-- Data for this task follows --

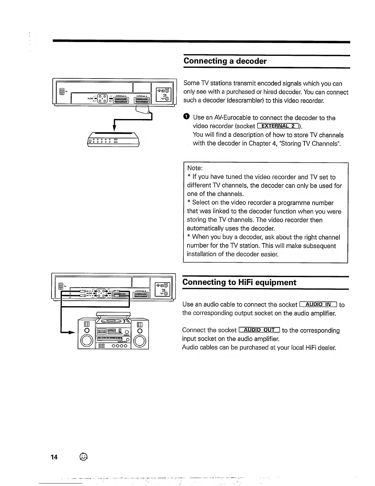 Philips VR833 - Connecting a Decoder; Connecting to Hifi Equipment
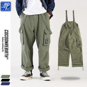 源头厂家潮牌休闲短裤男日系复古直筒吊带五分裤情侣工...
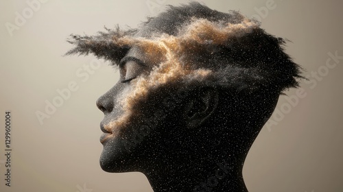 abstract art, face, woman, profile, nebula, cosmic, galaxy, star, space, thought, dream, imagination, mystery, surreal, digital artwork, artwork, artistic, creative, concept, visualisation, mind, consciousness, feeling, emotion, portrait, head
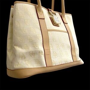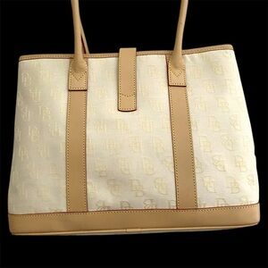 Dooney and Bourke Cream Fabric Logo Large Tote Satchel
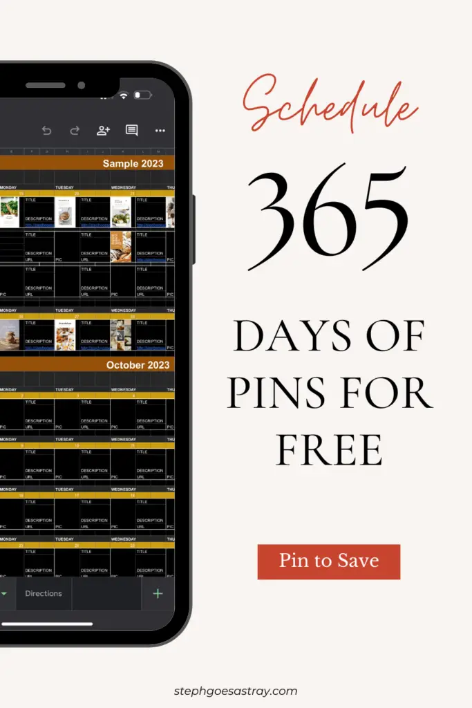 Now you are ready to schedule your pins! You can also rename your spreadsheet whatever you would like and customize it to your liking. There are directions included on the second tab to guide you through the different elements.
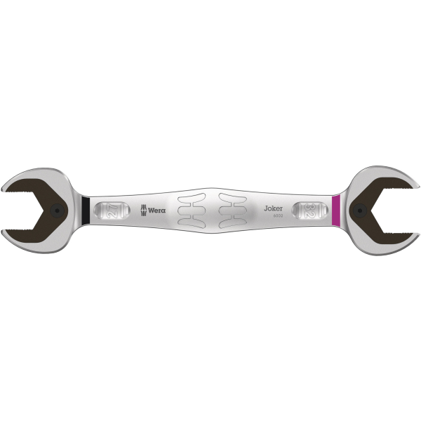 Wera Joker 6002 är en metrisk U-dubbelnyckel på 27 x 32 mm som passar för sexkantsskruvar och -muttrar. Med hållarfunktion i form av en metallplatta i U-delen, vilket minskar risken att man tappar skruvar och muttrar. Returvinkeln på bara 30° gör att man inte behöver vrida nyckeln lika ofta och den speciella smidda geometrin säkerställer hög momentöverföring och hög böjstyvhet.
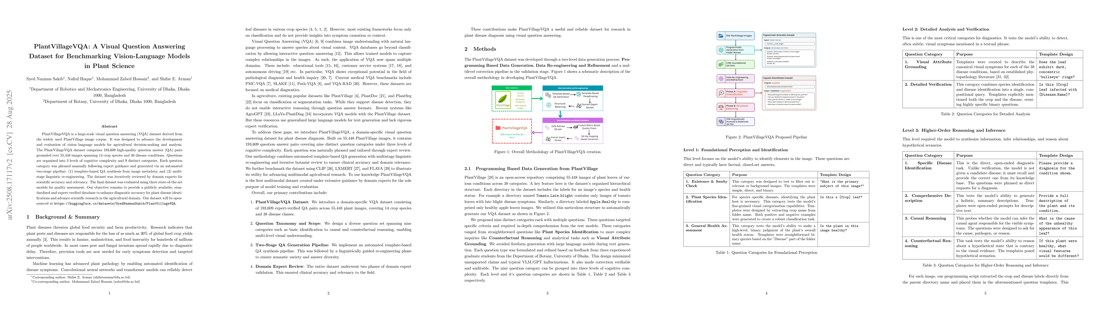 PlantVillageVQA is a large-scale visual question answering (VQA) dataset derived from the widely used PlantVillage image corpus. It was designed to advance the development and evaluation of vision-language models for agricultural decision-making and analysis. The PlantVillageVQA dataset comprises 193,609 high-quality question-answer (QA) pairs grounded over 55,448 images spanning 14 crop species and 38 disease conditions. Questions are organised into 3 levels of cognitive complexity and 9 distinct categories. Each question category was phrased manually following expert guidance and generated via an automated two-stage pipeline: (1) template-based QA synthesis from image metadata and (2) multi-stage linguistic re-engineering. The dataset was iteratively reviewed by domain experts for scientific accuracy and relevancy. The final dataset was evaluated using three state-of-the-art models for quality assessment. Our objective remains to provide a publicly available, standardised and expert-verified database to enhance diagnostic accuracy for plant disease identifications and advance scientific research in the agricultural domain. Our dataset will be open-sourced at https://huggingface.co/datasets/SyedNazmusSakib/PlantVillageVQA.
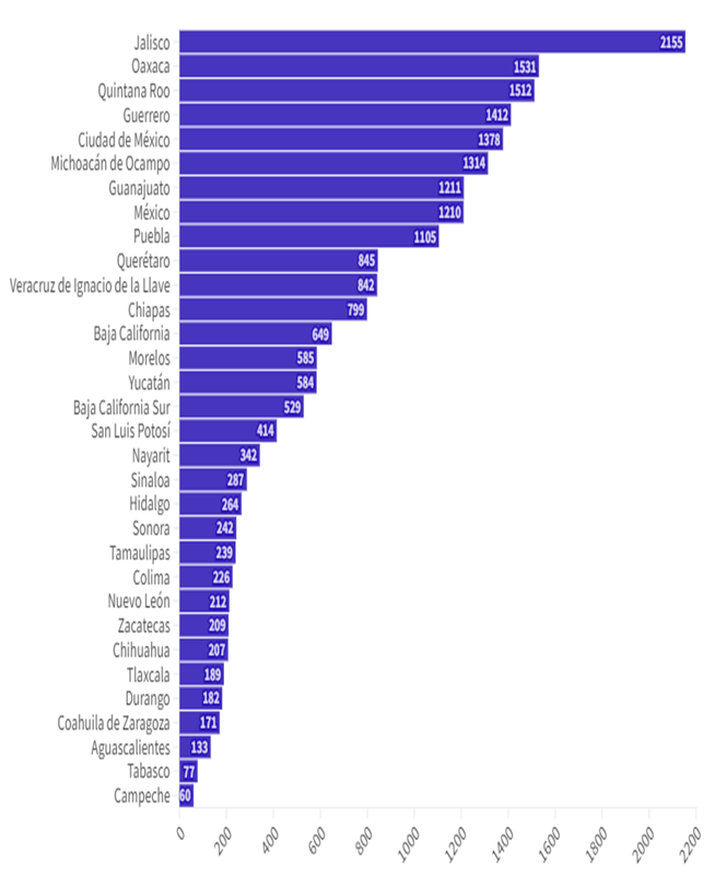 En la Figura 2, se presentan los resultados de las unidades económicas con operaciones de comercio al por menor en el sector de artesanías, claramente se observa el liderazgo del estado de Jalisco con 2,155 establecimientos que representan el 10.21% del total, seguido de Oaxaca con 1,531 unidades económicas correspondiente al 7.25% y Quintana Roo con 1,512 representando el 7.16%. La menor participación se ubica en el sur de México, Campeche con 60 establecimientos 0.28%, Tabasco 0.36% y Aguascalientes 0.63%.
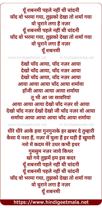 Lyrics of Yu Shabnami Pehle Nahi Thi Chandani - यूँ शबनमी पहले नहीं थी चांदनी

-- Data for this task concluded --

Problem to solve. Would you provide an exact, picture-free copy of the data above?

Response to the exercise.
 Philips VR833 - Connecting a Decoder; Connecting to Hifi Equipment
 源头厂家潮牌休闲短裤男日系复古直筒吊带五分裤情侣工...
 abstract art, face, woman, profile, nebula, cosmic, galaxy, star, space, thought, dream, imagination, mystery, surreal, digital artwork, artwork, artistic, creative, concept, visualisation, mind, consciousness, feeling, emotion, portrait, head
 Dooney and Bourke Cream Fabric Logo Large Tote Satchel
 Now you are ready to schedule your pins! You can also rename your spreadsheet whatever you would like and customize it to your liking. There are directions included on the second tab to guide you through the different elements.
 Wera Joker 6002 är en metrisk U-dubbelnyckel på 27 x 32 mm som passar för sexkantsskruvar och -muttrar. Med hållarfunktion i form av en metallplatta i U-delen, vilket minskar risken att man tappar skruvar och muttrar. Returvinkeln på bara 30° gör att man inte behöver vrida nyckeln lika ofta och den speciella smidda geometrin säkerställer hög momentöverföring och hög böjstyvhet.
 PlantVillageVQA is a large-scale visual question answering (VQA) dataset derived from the widely used PlantVillage image corpus. It was designed to advance the development and evaluation of vision-language models for agricultural decision-making and analysis. The PlantVillageVQA dataset comprises 193,609 high-quality question-answer (QA) pairs grounded over 55,448 images spanning 14 crop species and 38 disease conditions. Questions are organised into 3 levels of cognitive complexity and 9 distinct categories. Each question category was phrased manually following expert guidance and generated via an automated two-stage pipeline: (1) template-based QA synthesis from image metadata and (2) multi-stage linguistic re-engineering. The dataset was iteratively reviewed by domain experts for scientific accuracy and relevancy. The final dataset was evaluated using three state-of-the-art models for quality assessment. Our objective remains to provide a publicly available, standardised and expert-verified database to enhance diagnostic accuracy for plant disease identifications and advance scientific research in the agricultural domain. Our dataset will be open-sourced at https://huggingface.co/datasets/SyedNazmusSakib/PlantVillageVQA.
 En la Figura 2, se presentan los resultados de las unidades económicas con operaciones de comercio al por menor en el sector de artesanías, claramente se observa el liderazgo del estado de Jalisco con 2,155 establecimientos que representan el 10.21% del total, seguido de Oaxaca con 1,531 unidades económicas correspondiente al 7.25% y Quintana Roo con 1,512 representando el 7.16%. La menor participación se ubica en el sur de México, Campeche con 60 establecimientos 0.28%, Tabasco 0.36% y Aguascalientes 0.63%.
 Lyrics of Yu Shabnami Pehle Nahi Thi Chandani - यूँ शबनमी पहले नहीं थी चांदनी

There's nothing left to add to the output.